▶ _PROBLEM_: Please copy exactly the line containing "From my research, I’ve" and every line after it, through the last line of the records below, leaving out all pictures.

▶ _DATA PROVIDED_:
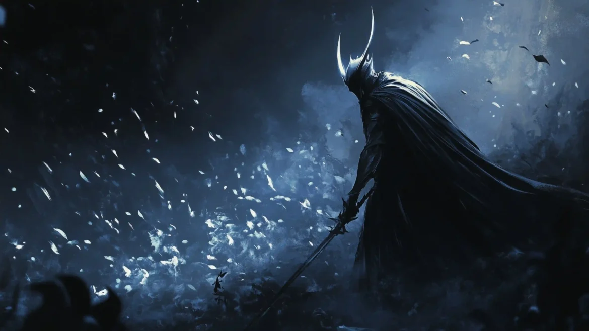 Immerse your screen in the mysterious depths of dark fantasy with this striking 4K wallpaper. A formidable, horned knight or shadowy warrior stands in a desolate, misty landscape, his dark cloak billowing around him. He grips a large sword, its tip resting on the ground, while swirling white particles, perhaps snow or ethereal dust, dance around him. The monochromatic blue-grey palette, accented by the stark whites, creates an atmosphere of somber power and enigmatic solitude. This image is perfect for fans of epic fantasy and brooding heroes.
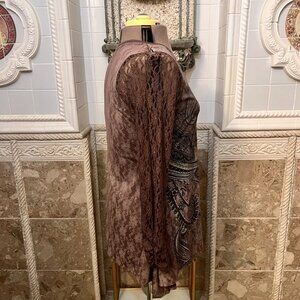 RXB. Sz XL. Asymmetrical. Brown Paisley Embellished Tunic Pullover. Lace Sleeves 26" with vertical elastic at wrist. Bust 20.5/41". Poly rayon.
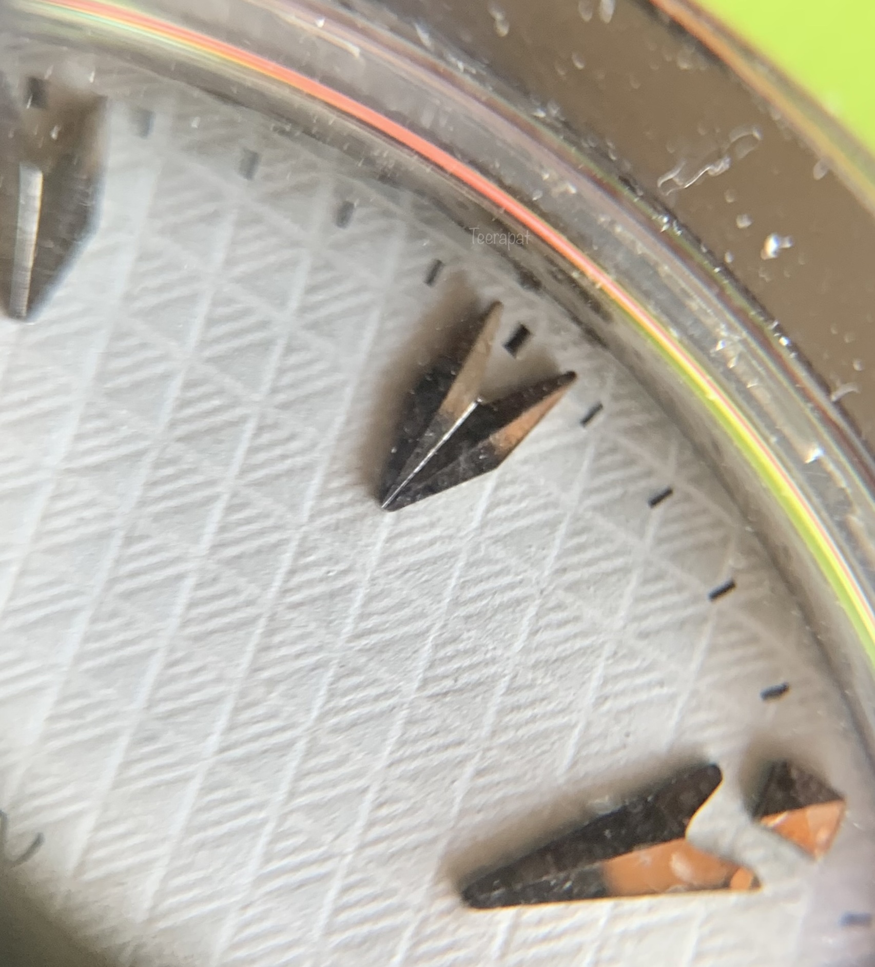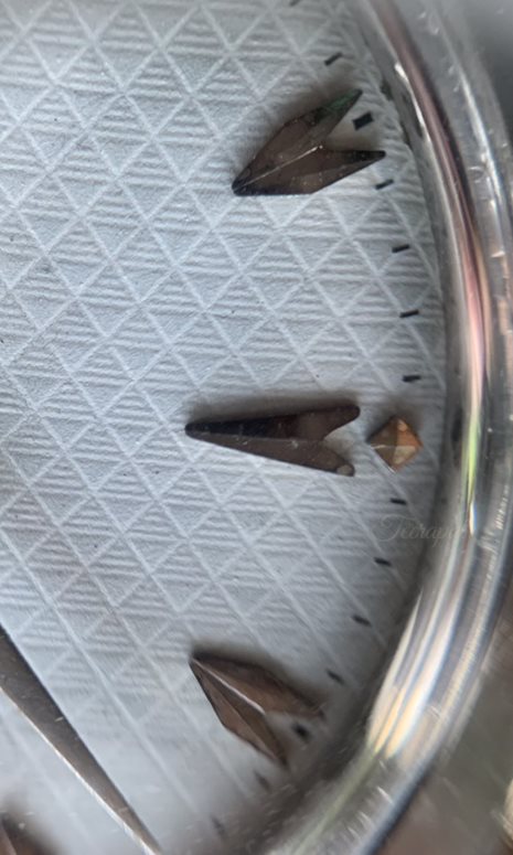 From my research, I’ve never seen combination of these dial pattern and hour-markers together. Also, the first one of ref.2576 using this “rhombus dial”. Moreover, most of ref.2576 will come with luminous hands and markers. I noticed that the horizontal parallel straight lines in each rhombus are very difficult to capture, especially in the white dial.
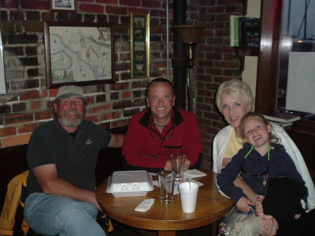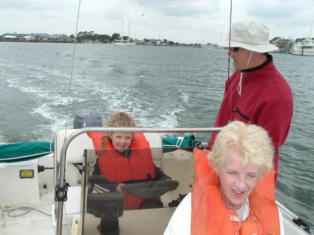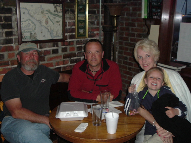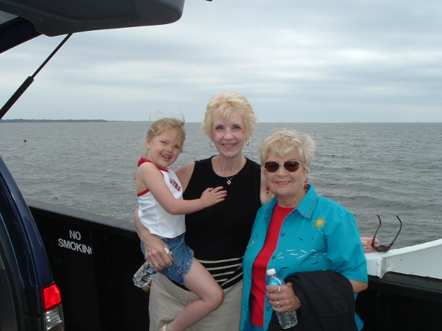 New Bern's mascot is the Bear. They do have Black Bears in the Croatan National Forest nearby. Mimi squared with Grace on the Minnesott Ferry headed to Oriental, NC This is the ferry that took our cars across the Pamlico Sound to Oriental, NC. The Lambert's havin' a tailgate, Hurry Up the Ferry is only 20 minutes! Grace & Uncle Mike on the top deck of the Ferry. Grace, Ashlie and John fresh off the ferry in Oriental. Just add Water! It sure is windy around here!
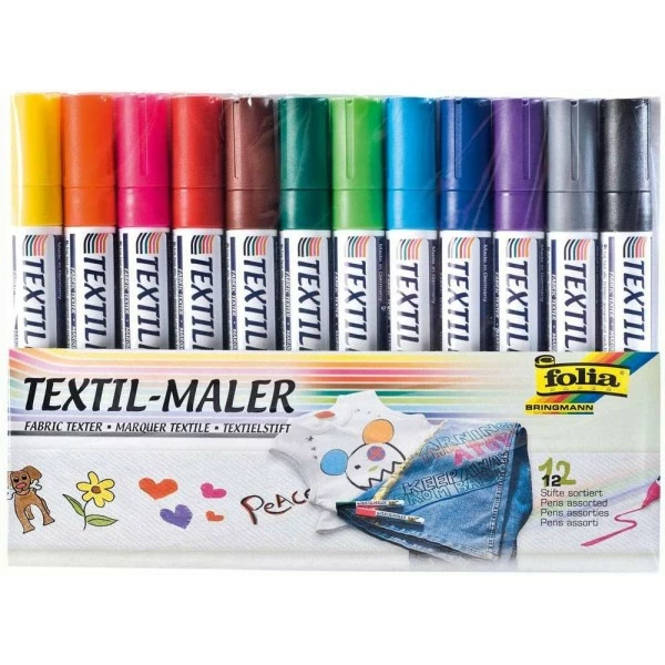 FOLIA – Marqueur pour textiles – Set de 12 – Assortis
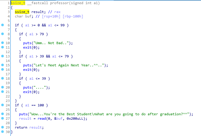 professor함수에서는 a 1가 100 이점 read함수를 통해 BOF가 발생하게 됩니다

▶ _TASK RESULT_:
 From my research, I’ve never seen combination of these dial pattern and hour-markers together. Also, the first one of ref.2576 using this “rhombus dial”. Moreover, most of ref.2576 will come with luminous hands and markers. I noticed that the horizontal parallel straight lines in each rhombus are very difficult to capture, especially in the white dial.
 New Bern's mascot is the Bear. They do have Black Bears in the Croatan National Forest nearby. Mimi squared with Grace on the Minnesott Ferry headed to Oriental, NC This is the ferry that took our cars across the Pamlico Sound to Oriental, NC. The Lambert's havin' a tailgate, Hurry Up the Ferry is only 20 minutes! Grace & Uncle Mike on the top deck of the Ferry. Grace, Ashlie and John fresh off the ferry in Oriental. Just add Water! It sure is windy around here!
 FOLIA – Marqueur pour textiles – Set de 12 – Assortis
 professor함수에서는 a 1가 100 이점 read함수를 통해 BOF가 발생하게 됩니다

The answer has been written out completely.